Болезнь Эдди сделала наши любовные игры еще более увлекательными. Я раздевалась донага, согнувшись в три погибели, потому что балки нависали так низко, что даже мне, с моим ростом, невозможно было распрямиться, и ледяные порывы ветра, врывавшиеся в щели маленького окна, жалили меня, точно разъяренные насекомые, а затем я ложилась в постель и прижималась к горячему, раскаленному лихорадкой телу Эдди. Я все еще помню продавленные соломенные матрасы, покрытые сверху зеландской периной из гагачьего пуха, груду шерстяных одеял и шуб, уютную пещерку, наполненную запахами пота и семени, моих любовных соков и сладковатым, почти выветрившимся запахом мочи и кала. Ненадолго мы затихали, я опускала голову ему на плечо, из моего носа прямо на простыни бежала белая струйка, наше дыхание, смешавшись, поднималось облачком пара, и тусклый свет превращал его в нимб над нашими головами, а под крышей дома ворковали голуби — гули-гули, — и мыши шуршали за стенкой. Струйка из носа? Ну да, я простудилась. В этом холодном, влажном климате все хлюпали носами.

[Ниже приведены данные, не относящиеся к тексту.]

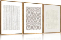 Large Abstract White and Beige Framed Canvas Wall Art,Geometric Dot and Line Wall Decor,Modern Wave Lines Artwork,Neutral Minimalist Shapes Art Print for Living Room,Bedroom,Office-24 x36 x3
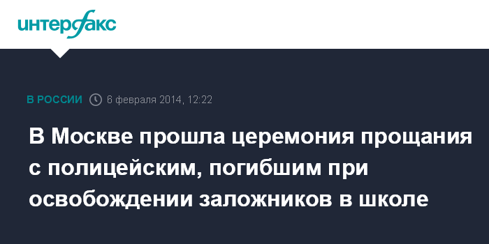 Москва. 6 февраля. INTERFAX.RU - Родные и близкие, руководство МВД и столичной полиции, коллеги простились со старшим сержантом полиции Сергеем Бушуевым, погибшим в понедельник при исполнении служебного долга во время захвата заложников в школе N263 на северо-востоке Москвы.
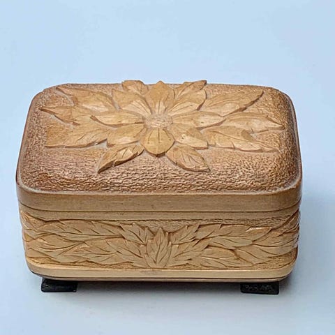puinen rasia, joka on koristeltu monimutkaisilla geometrisilla kuvioilla.
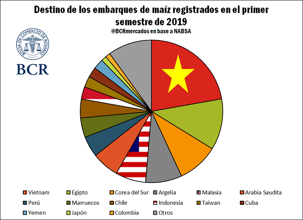 Vietnam es, a su vez, el país a donde llegaron la mayor cantidad de los despachos de exportación del cereal en lo que va de 2019 según los datos de NABSA, con importaciones de más de 4 Mt, un 22,2% del total. En quinto lugar aparece Malasia con cerca de 1,25 Mt, lo que representa un 6,9% de los embarques acumulados. En conjunto, la región del Sudeste Asiático se hicieron con casi 5,8 Mt de maíz, un 32,1% del total.
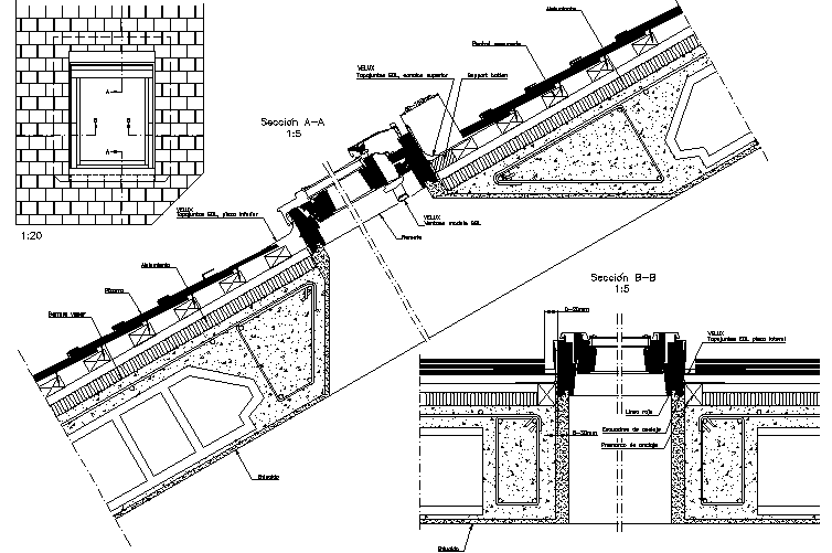 Window detail on inclined roof detail dwg file

У миссис Доутри имелась и еще одна причина торопить Эдди с отъездом: он принадлежал к партии Йорка. Хотя горожане в большинстве своем держали сторону Йорка, в Тауэре стоял военный гарнизон под командой лорда Скейлза, верного королю. Скейлза и его солдат тут не любили, но если б он узнал, где прячется Эдди, и явился бы сюда с сотней солдат — а всего лишь семь кварталов Ист-Чипа отделяли нас от Тауэра, — он успел бы схватить Марча прежде, чем на выручку к нему поднялось бы ополчение горожан. Во всяком случае, миссис Доутри опасалась этого, и муж вторил ей.

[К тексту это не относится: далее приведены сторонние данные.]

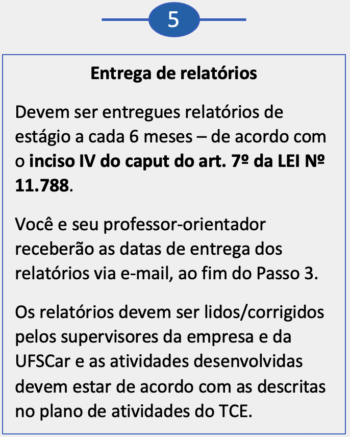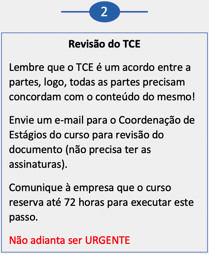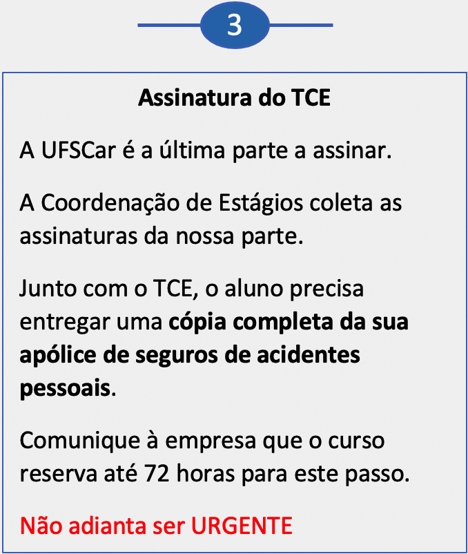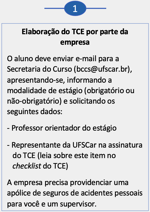 ![]() | Os modelos de TCE da UFSCar estão disponíveis aqui! Porém, a empresa pode escolher fazer o TCE através de uma agência integradora. – Durante o estágio, o(a) estudante será orientado(a) por um docente, atribuído no início do seu primeiro estágio. Normalmente, o docente-orientador supervisiona todos os estágios do(a) estudante durante o curso. – Para estágio obrigatório, leia também aqui! – Seja proativo e verifique o check-list do TCE antes da entrega! |
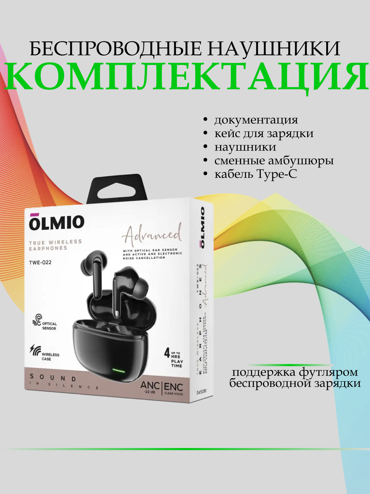 Беспроводные наушники OLMIO TWE-022, шумоподавление, черные
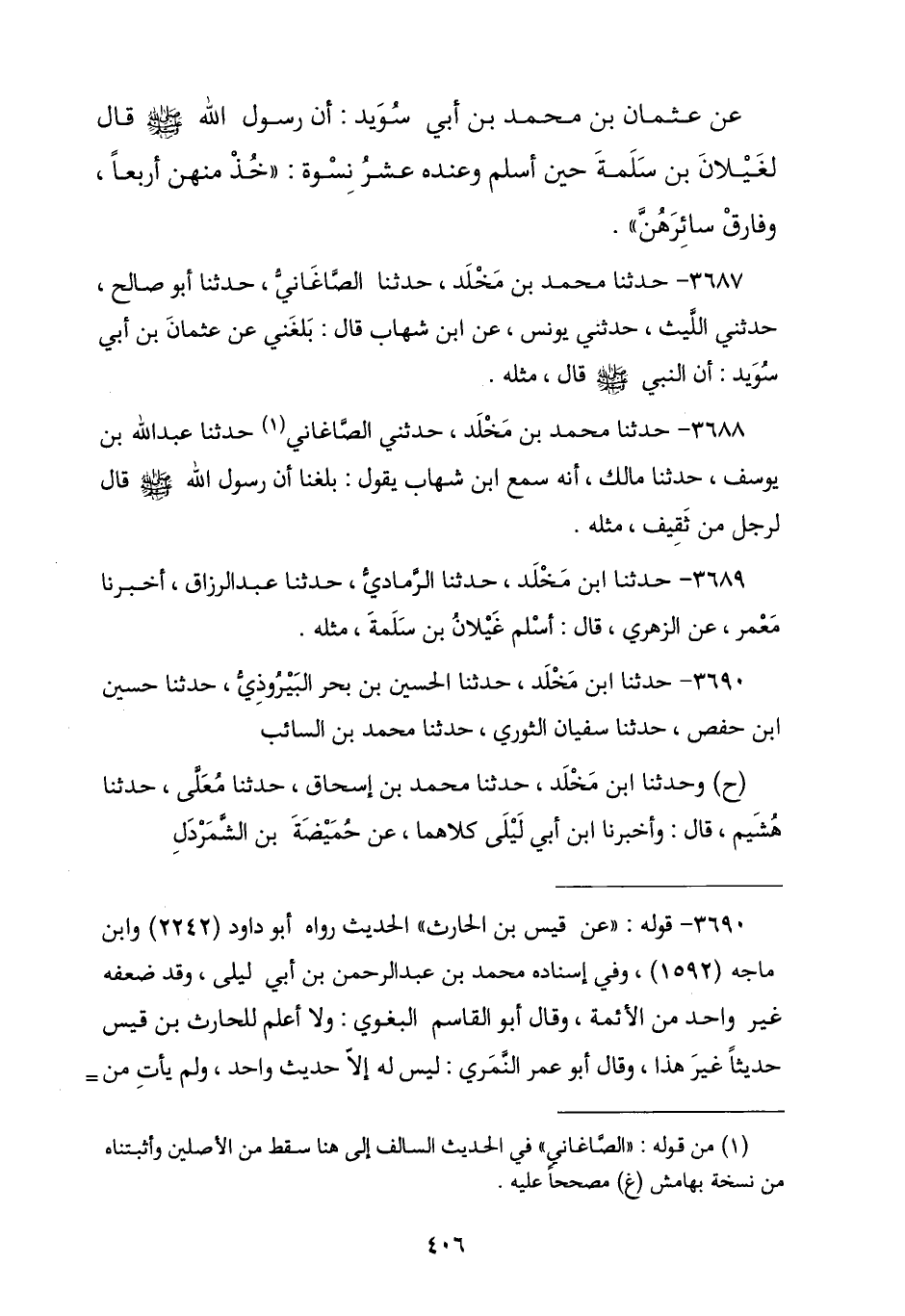 3690 - نا ابْنُ مَخْلَدٍ , نا الْحُسَيْنُ بْنُ بَحْرِ النَّيْرُوزِيُّ , نا حُسَيْنُ بْنُ حَفْصٍ , نا سُفْيَانُ الثَّوْرِيُّ , نا مُحَمَّدُ بْنُ السَّائِبِ , ح وَنا ابْنُ مَخْلَدٍ , نا مُحَمَّدُ بْنُ إِسْحَاقَ , نا مُعَلَّى , نا هُشَيْمٌ , قَالَ: وَأَنَا ابْنُ أَبِي لَيْلَى , كِلَاهُمَا عَنْ حُمَيْضَةَ بْنِ الشَّمَرْدَلِ , -[407]- عَنْ قَيْسِ بْنِ الْحَارِثِ , - وَفِي حَدِيثِ هُشَيْمٍ الْحَارِثِ بْنِ قَيْسٍ - أَنَّهُ أَسْلَمَ وَعِنْدَهُ ثَمَانِ نِسْوَةٍ , فَقَالَ لَهُ النَّبِيُّ صَلَّى اللهُ عَلَيْهِ وَسَلَّمَ: § «اخْتَرْ مِنْهُنَّ أَرْبَعًا»

Все остальные времени зря не теряют. Аниш и оба его секретаря, родом с Малабарского побережья, тощие, замученные службой юноши, слепнущие от работы над бухгалтерскими отчетами и к тому же переписывающие послания князя при тусклом даже в полдень свете, трудятся над деловыми бумагами, притворяясь, будто у них хлопот по горло, — на самом деле они вот уже в восьмой или девятый раз сводят баланс и опять находят какие-то ошибки. Князь молча восседает в большом кресле во главе стола, и это выводит из себя олдермена, поскольку вообще-то это его место. Олдермен барабанит пальцами по столу и таращится куда-то вдаль, пытаясь изобразить на лице благородную меланхолию. В действительности он просто охвачен страхом и к тому же страдает от хронического несварения желудка.